Skin: layers, thickness & fascia

Layers

·  Epidermis

o  Derived from embryonic ectoderm

o  Avascular -Depends on the blood supply from the dermis for oxygen and nutrients

o  Made of stratified squamous epithelium cells

§  Flattened in shape with many layers

§  Very impervious to outside substances

o  Stratum Germinativum (also stratum basale)

§  The deepest layer of the epidermis (closest to the blood supply)

§  Products of these cells are pushed towards the surface of the skin were they gradually lose blood supply, become keratinized (protein), and die

o  Stratum corneum

§  Outermost layer of dead, keratinized cells

·  Basement Membrane

o  Non-cellular layer of glycoproteins that separates the dermis and epidermis

·  Dermis

o  Dense, irregular, connective tissue – very tough

§  Bundles of fibers

·  Collagen fibers

·  Elasitc fibers

o  Scattered Cells

§  Fibrocytes

·  Secrete more collagen fibers

·  Maintain current collagen fibers

§  Macrophages

§  Melanocytes (produce pigment)

o  Capillary Plexus

§  Right below basement membrane

§  Temperature regulation

o  Glands and hair follicles extend into here for blood supply

Thickness – refer not to total thickness, but the structure of the epidermis

·  Thick skin – palms of hand and back

·  Thin skin – everywhere else

Fascia

·  Superficial (subcutaneous fascia, hypodermis, subQ)

o  Lies underneath dermis

o  Contains and supports cutaneous nerves and blood vessels

o  Made of loose connective tissue

§  Loose bundles of fibers - Collagen fibers, Elasic fibers

o  Fat cells - Lipocytes

·  Deep

o  Lies under the superficial fascia

o  Consists of several thin layers of tough collagen material that adheres tightly to structures

o  Compartmentalizes muscles, neurovascular bundles, ligaments and tendons

Cutaneous Structures: Superficial veins/arteries, glands, hair follicles, superficial nerves/dermatomes

Superficial veins and arteries

·  Dermal capillary plexus

o  Provides nutrients and O2 to integumentary

o  Thermoregulation

Glands

·  Derive from the epidermis or mucosa (gut lining)
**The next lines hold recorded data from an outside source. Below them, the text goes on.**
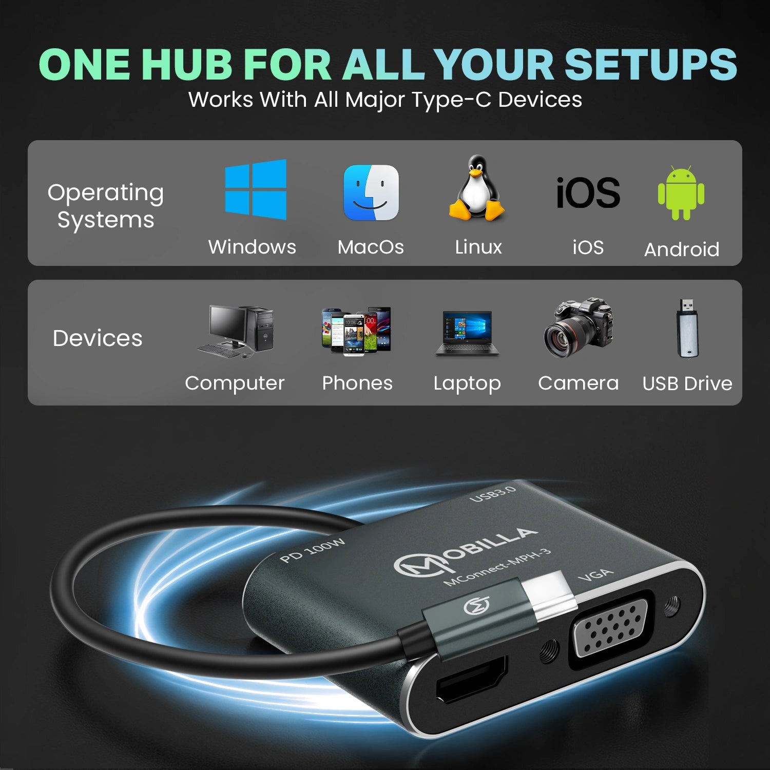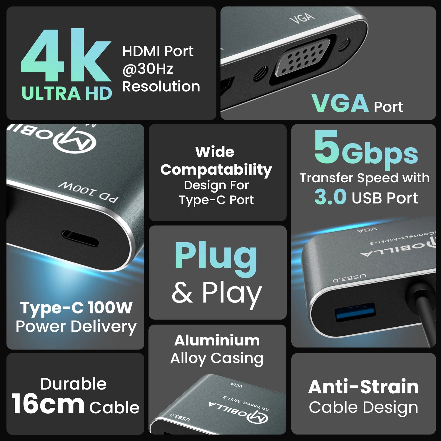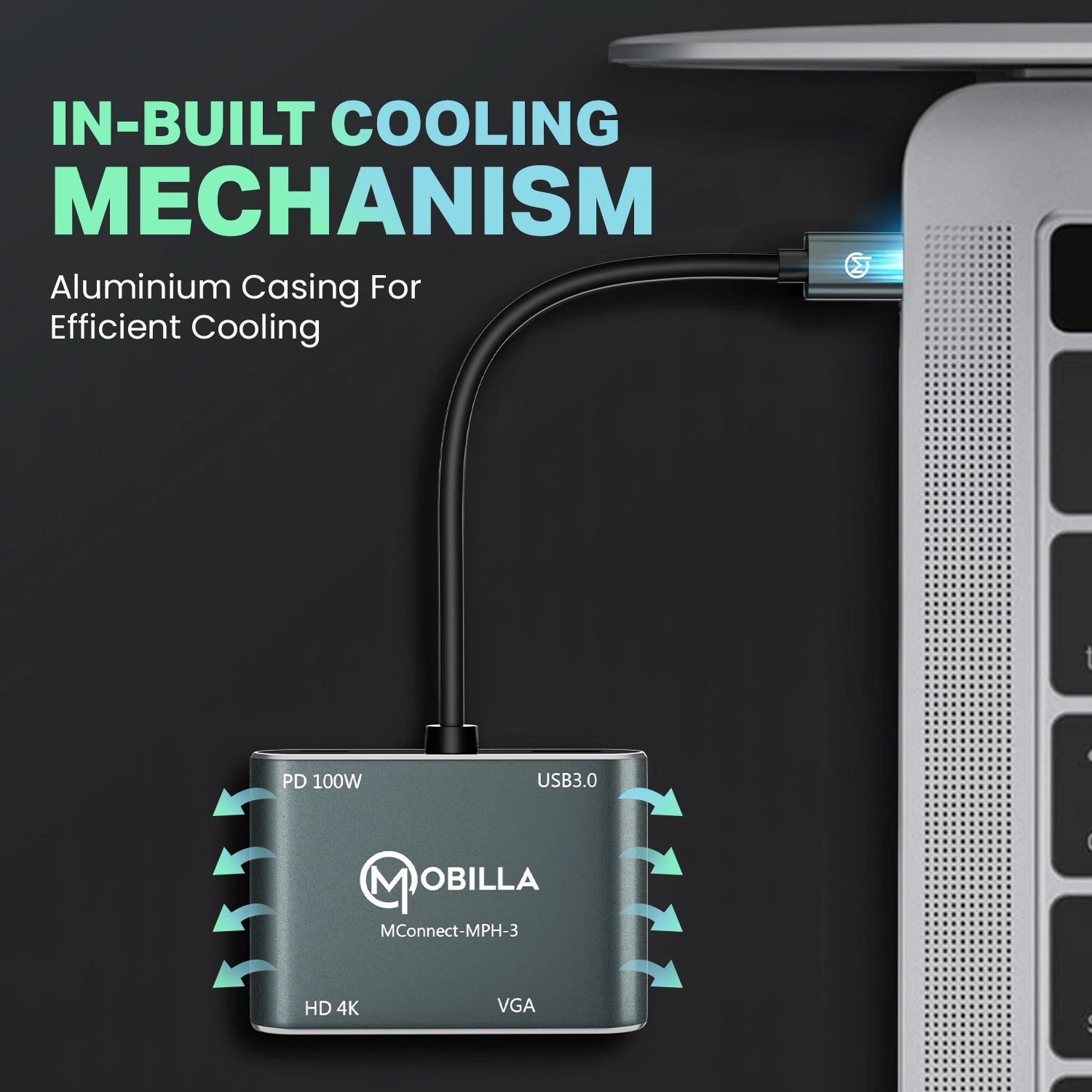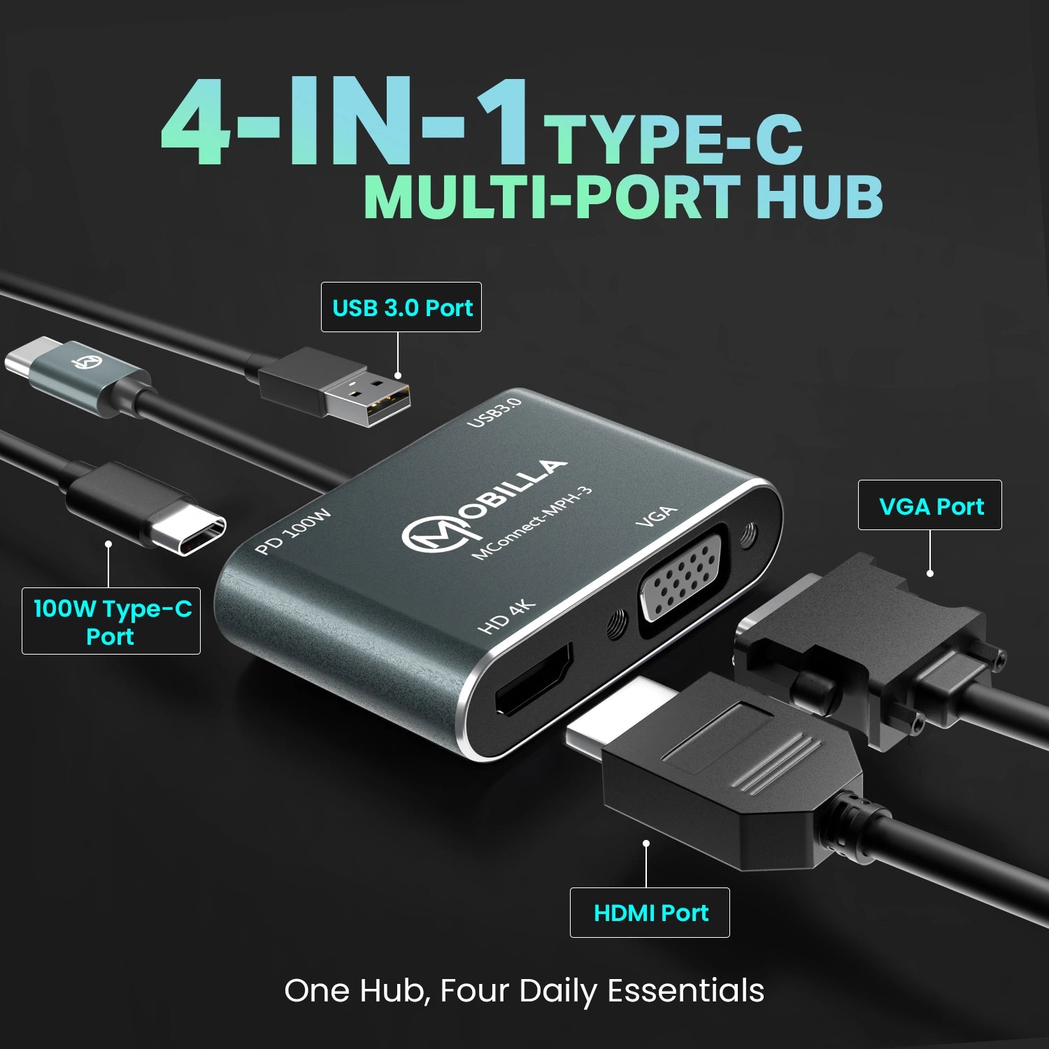 MConnect MPH3 is a powerful and elegant 4 in 1 type c hub, designed to simplify your workspace while maximizing functionality. With a 100W PD charger, USB 3.0, VGA port, and 4K @30Hz HDMI output, it brings seamless connectivity to laptops, tablets, and smartphones. Built for performance and portability, this USB-C hub features a sleek aluminium body, smart cooling design, and anti-strain cable to ensure long-lasting durability. It’s fully plug & play—no drivers, no fuss. Ideal for professionals and creatives alike, this USB adapter doubles as a type-C to HDMI adapter, multiple USB connector, and type C to USB converter in one compact device. Whether you're setting up for a presentation or powering through work on the go, it’s the USB hub, port hub, and all-around productivity booster you didn’t know you needed. For anyone who demands performance in a sleek package, this is the 4 in 1 multi port hub to trust.
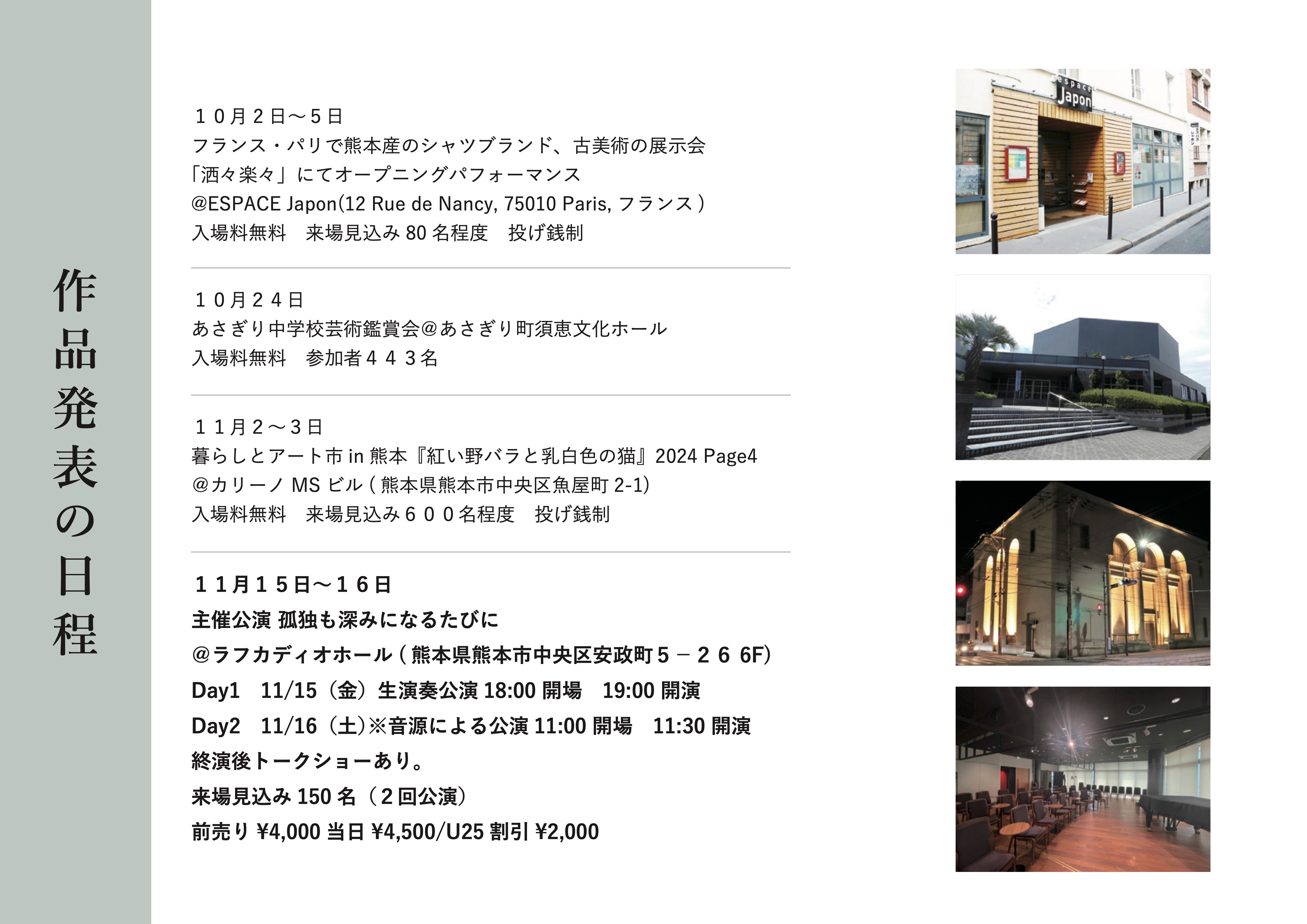 熊本出身の音楽家による作曲と演奏、若手ダンサーの起用、フランス遠征。
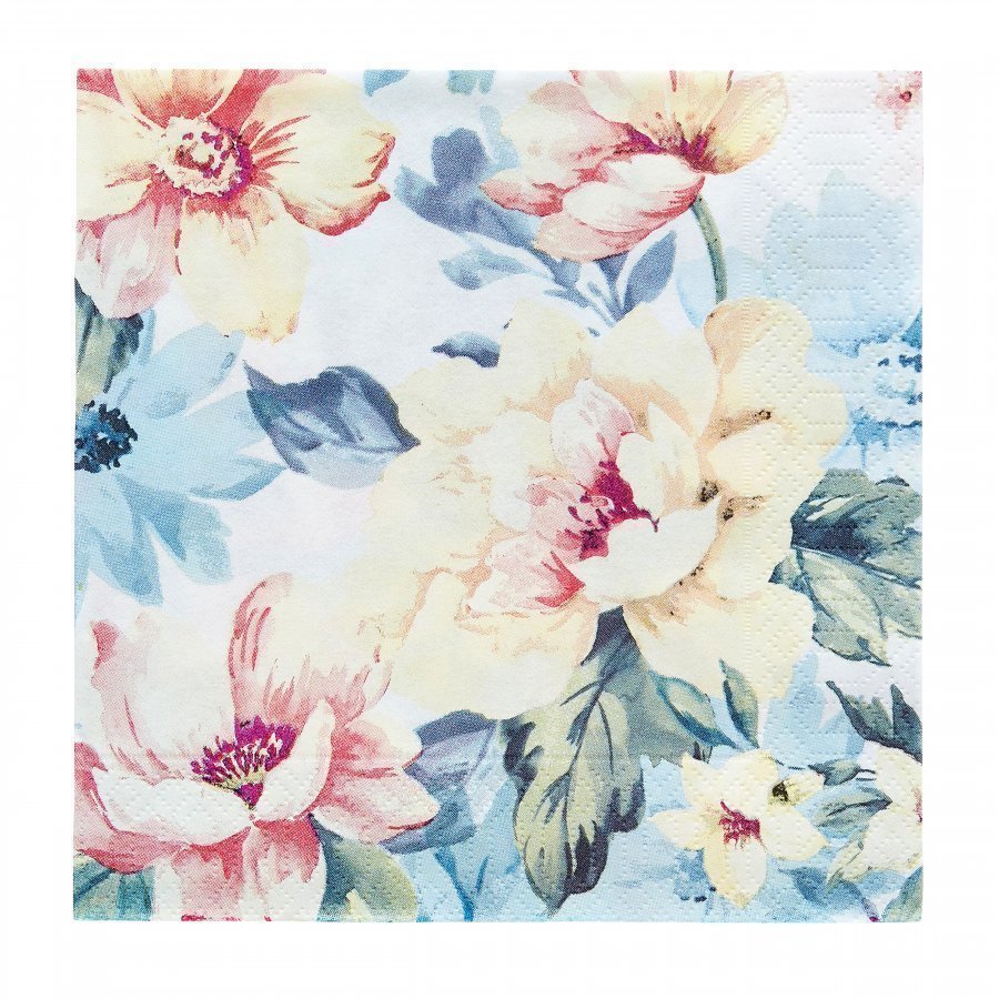 Paperiservetit, joissa painettu kukkakuvio. Viimeistele kattauksesi kauniilla serveteillä. Pakkauksessa 20 servettiä.
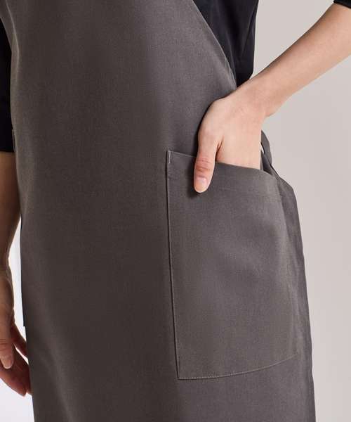 A heavyweight full length bib apron made from a combination of certified recycled polyester and certified organic Fairtrade cotton. Featuring two slanted side pockets and fully height adjustable with a buckle on the neckband. Two slanted side pockets measuring 24cm depth by 18cm wide. Adjustable buckle with gun metal finish. 86cm long x 72cm wide with 90cm long ties.
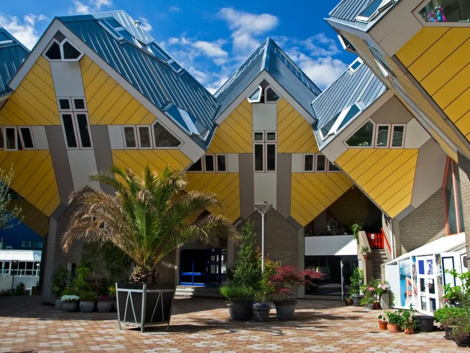 • Ook niet te missen: de kubusvormige, gekantelde woningen aan Blaak, die symbool voor de naoorlogse Rotterdamse architectuur staan. Ga ze zeker bekijken en fotograferen – zou jij in zo’n vreemde kubus willen wonen? Eentje ervan is trouwens geopend voor publiek en ik raad zeker aan om binnenin een kijkje te nemen. Nog een andere is dan weer omgebouwd tot een hostel – ook een leuke tip om te overnachten in Rotterdam, dus!
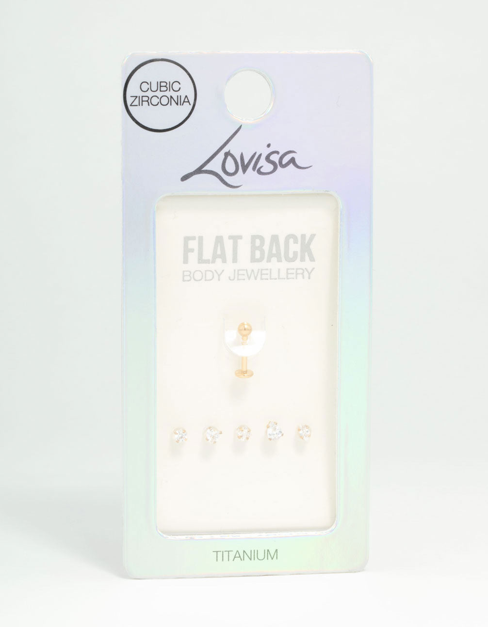 Gold Plated Titanium Mixed Cubic Zirconia Flat Backs 6-Pack
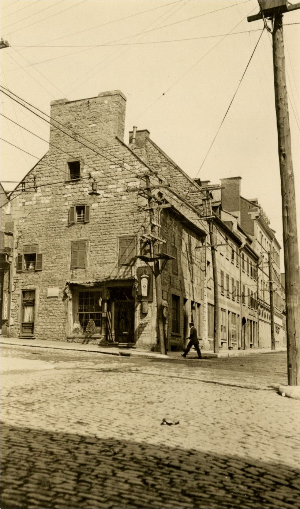 Maison Pierre du Calvet, angle nord-est de Bonsecours et St-Paul à Montréal, [Vers 1916], Archives nationales à Montréal, Fonds Famille Bourassa, (06M,P266,S3,SS2,P12), Department of Mines, Geological Survey, Photographic Division.
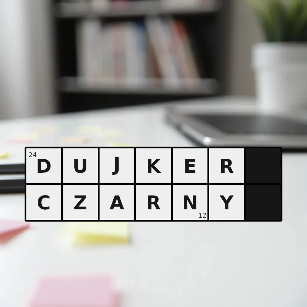 Słowo „dujker czarny” ma 12 znaków (bez spacji i łączników).
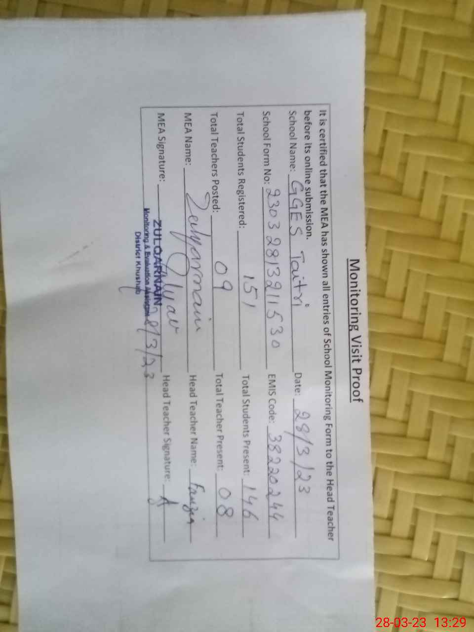 | Attendance Register | Head Teacher | MEA with School | Visit Proof |
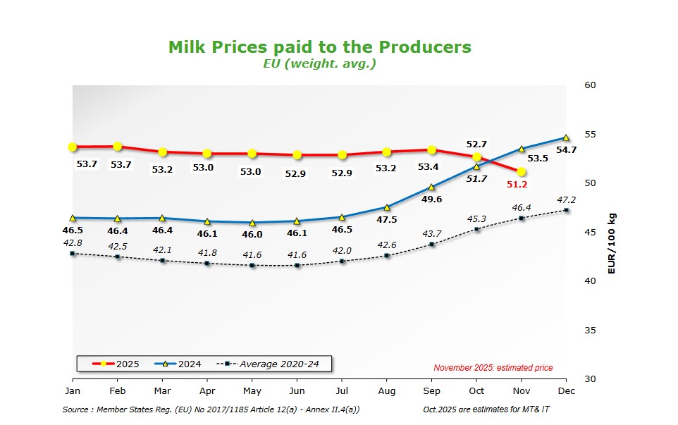 „Prețurile medii ale laptelui la poarta fermei în UE au înregistrat o volatilitate redusă în 2025 și s-au stabilizat la un nivel superior mediei pe 5 ani în prima jumătate a anului 2025, deoarece scăderea livrărilor a menținut prețurile laptelui în UE la un nivel ridicat. Cu toate acestea, acest lucru face ca producția europeană să fie mai puțin competitivă decât cea a altor producători mondiali importanți, ceea ce se preconizează că va influența negativ prețurile la poarta fermei din Europa în următoarele luni. Se preconizează un consum intern de lapte lichid cu 0,9% mai mic, până la 23 milioane de tone în 2026. Având în vedere scăderea producției de lapte în 2026, se preconizează că și consumul industrial va scădea minim cu 0,3 %. Acest lucru va obliga procesatorii de produse lactate să decidă cu atenție pentru ce produse vor utiliza laptele disponibil”, explică analiștii USDA, într-un raport recent.
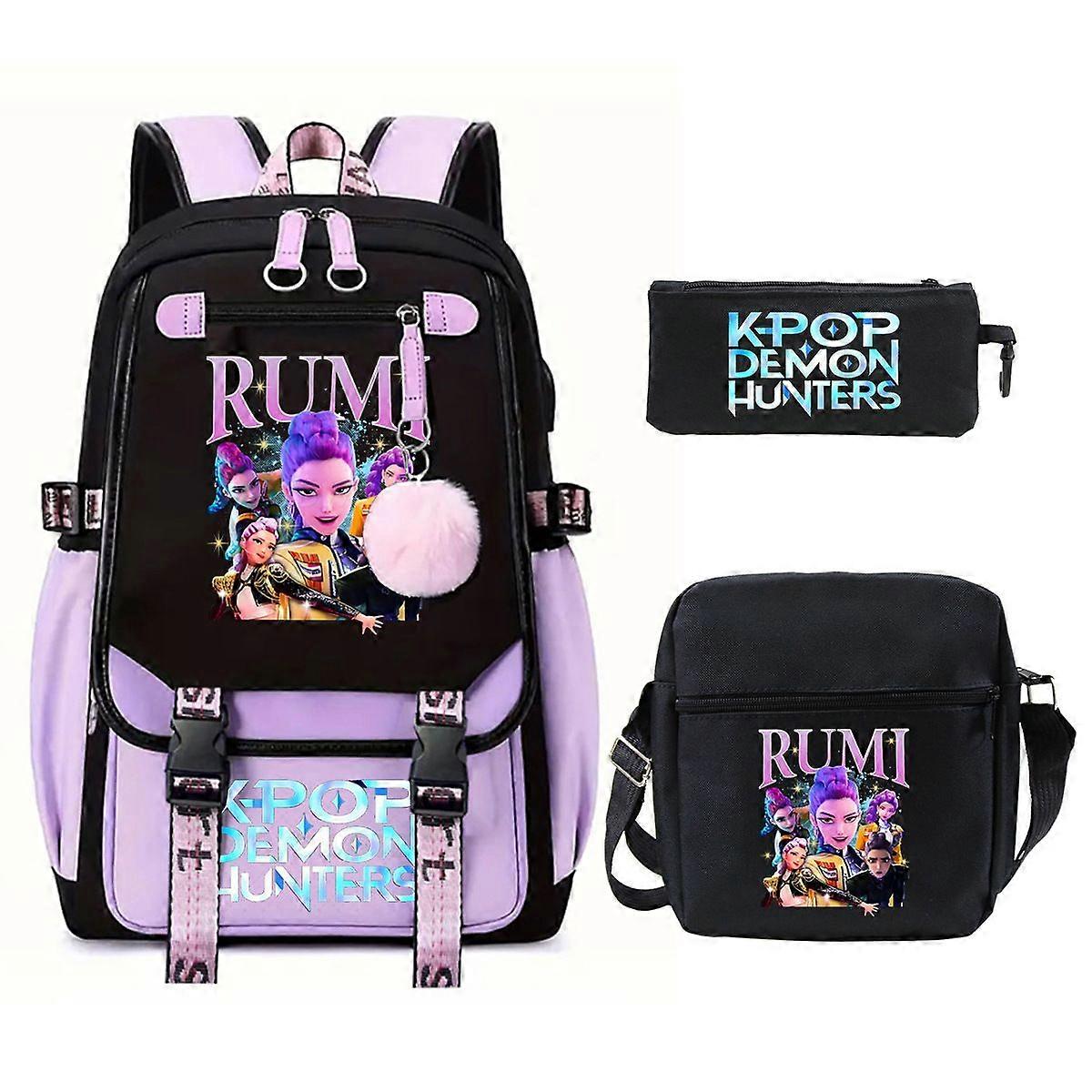 Demon Hunter Backpack Set - 3-Piece Set in Purple | School Bag for Girls with Pencil Case Purple 1

o  Grow down from epithelial surface into a connective tissue layer

o  Some stay connected to epithelial surface, other do not

o  Modes of secretion

§  Merocrine – secretory cell is not damaged

§  Holocrine – entire cell is secreted and new secretory cells are produced

§  Apocrine – lose distal end of cell in secretion but the rest remains intact

·  Exocrine glands

o  Retain connection to epithelium

o  Secrete onto surface or into body cavity

o  Types:

§  Sudoriferous – sweat glands

·  Tubular gland

·  Secretes water, salt and urea

·  Merocrine secretion

§  Sebaceous – oil glands associated with hair follicles

·  Holocrine secretion

§  Mammary

·  Modified sudoriferous with apocrine secretion

·  Endocrine glands

o  Lose connection with epithelial surface

o  Secrete into surrounding capillary beds

o  Secrete hormones

Hair follicles

·  Derived from the epidermis

·  Matrix

o  Mass of mitotic cells at the bottom of each follicle in the dermis

o  Vascular

o  As more cells produce, the others get pushed to the top, keritinize and die because of no blood supply. This forms hair shaft.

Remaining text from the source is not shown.